+++ Dataset extract

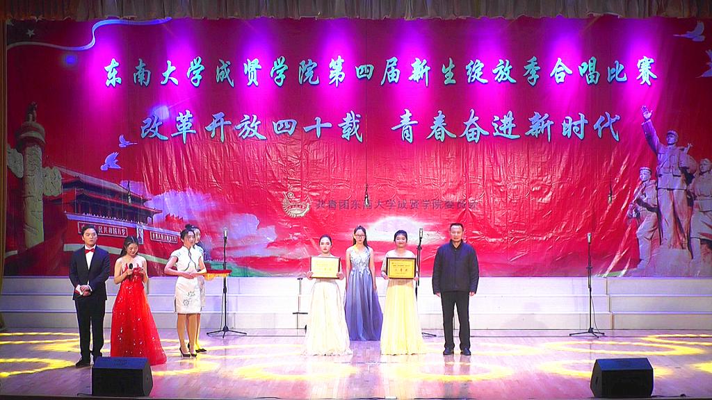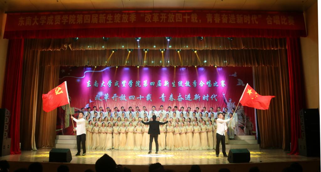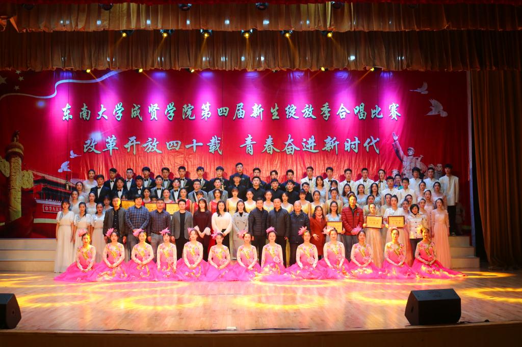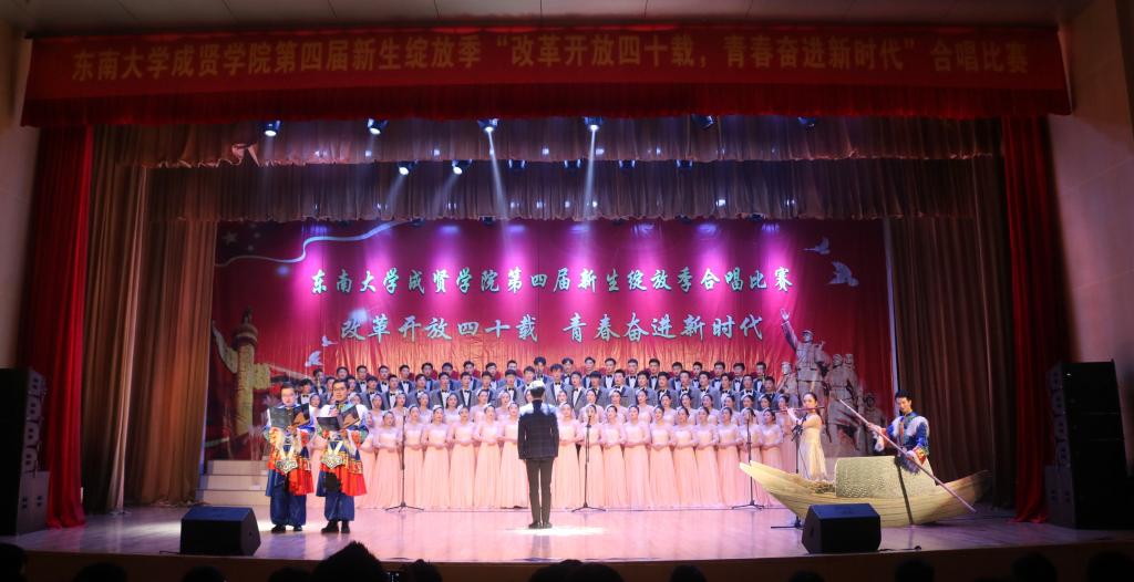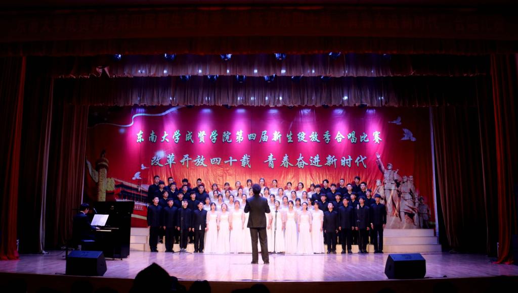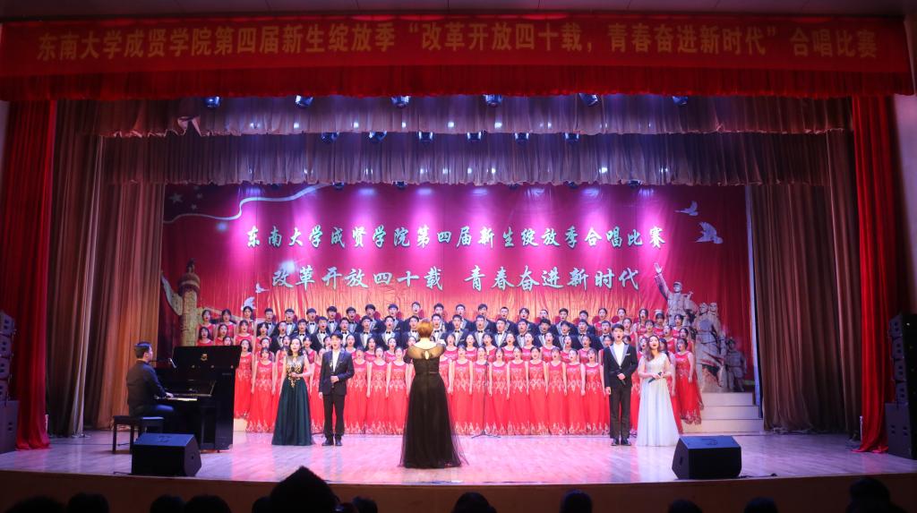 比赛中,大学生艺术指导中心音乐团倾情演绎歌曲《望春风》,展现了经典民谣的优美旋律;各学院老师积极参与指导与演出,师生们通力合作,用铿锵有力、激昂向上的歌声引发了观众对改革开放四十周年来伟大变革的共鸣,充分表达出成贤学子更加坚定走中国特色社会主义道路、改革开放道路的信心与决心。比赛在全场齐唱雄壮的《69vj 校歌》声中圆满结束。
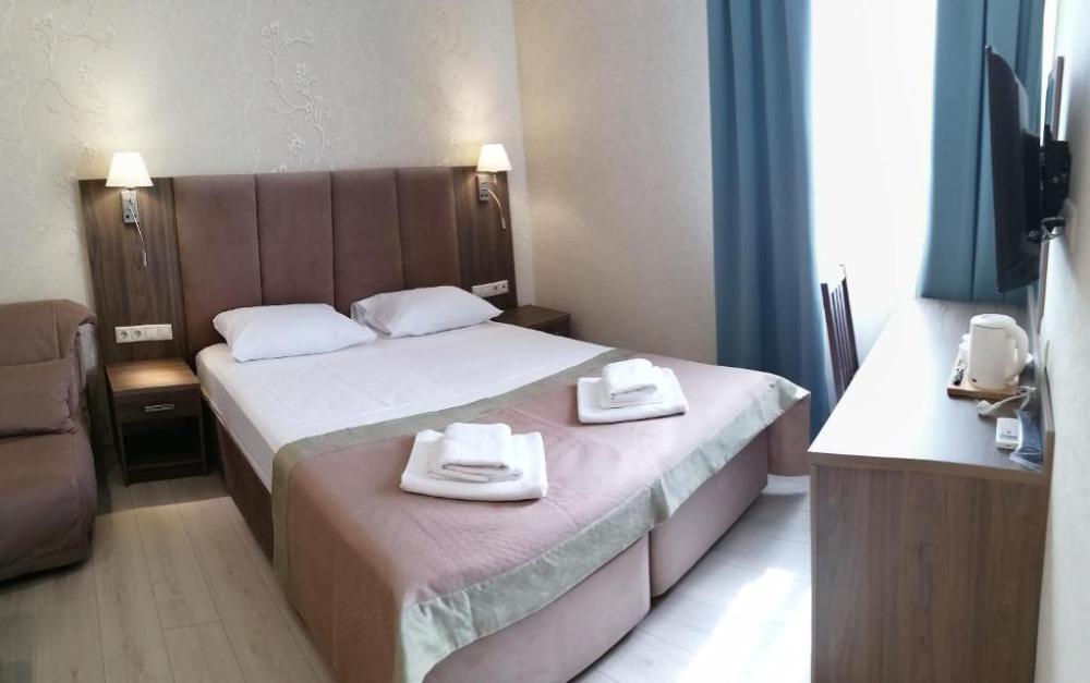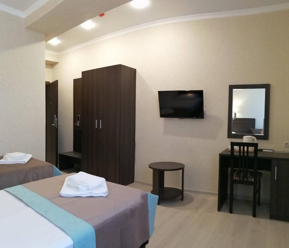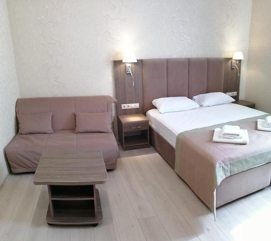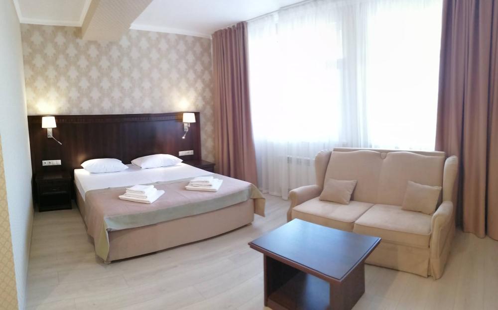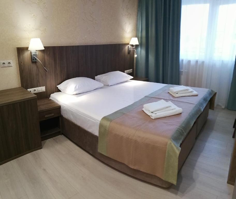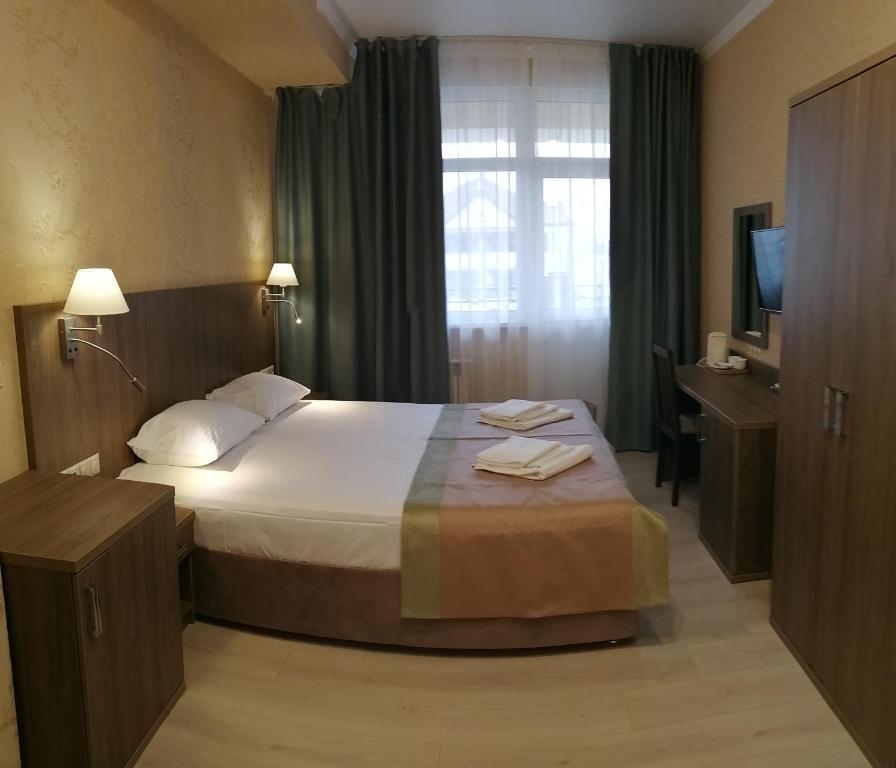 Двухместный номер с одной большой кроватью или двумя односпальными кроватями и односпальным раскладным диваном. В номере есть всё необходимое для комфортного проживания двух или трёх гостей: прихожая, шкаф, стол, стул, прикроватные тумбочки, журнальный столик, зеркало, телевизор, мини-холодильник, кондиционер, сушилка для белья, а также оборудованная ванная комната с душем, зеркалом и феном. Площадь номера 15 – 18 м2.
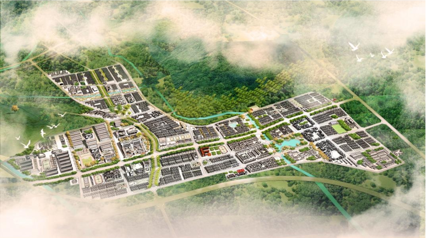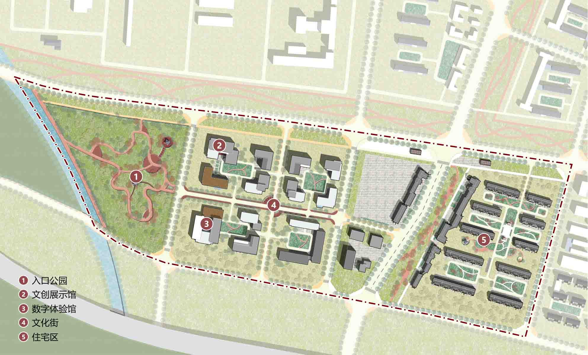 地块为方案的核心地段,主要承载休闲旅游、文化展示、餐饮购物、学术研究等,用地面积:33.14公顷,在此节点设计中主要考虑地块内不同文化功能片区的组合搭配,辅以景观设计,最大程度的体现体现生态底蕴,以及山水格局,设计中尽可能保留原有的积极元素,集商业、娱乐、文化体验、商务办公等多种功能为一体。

++++++

— Task objective —
The copy should match each line above exactly and contain no images.

— Exercise response —
 比赛中,大学生艺术指导中心音乐团倾情演绎歌曲《望春风》,展现了经典民谣的优美旋律;各学院老师积极参与指导与演出,师生们通力合作,用铿锵有力、激昂向上的歌声引发了观众对改革开放四十周年来伟大变革的共鸣,充分表达出成贤学子更加坚定走中国特色社会主义道路、改革开放道路的信心与决心。比赛在全场齐唱雄壮的《69vj 校歌》声中圆满结束。
 Двухместный номер с одной большой кроватью или двумя односпальными кроватями и односпальным раскладным диваном. В номере есть всё необходимое для комфортного проживания двух или трёх гостей: прихожая, шкаф, стол, стул, прикроватные тумбочки, журнальный столик, зеркало, телевизор, мини-холодильник, кондиционер, сушилка для белья, а также оборудованная ванная комната с душем, зеркалом и феном. Площадь номера 15 – 18 м2.
 地块为方案的核心地段,主要承载休闲旅游、文化展示、餐饮购物、学术研究等,用地面积:33.14公顷,在此节点设计中主要考虑地块内不同文化功能片区的组合搭配,辅以景观设计,最大程度的体现体现生态底蕴,以及山水格局,设计中尽可能保留原有的积极元素,集商业、娱乐、文化体验、商务办公等多种功能为一体。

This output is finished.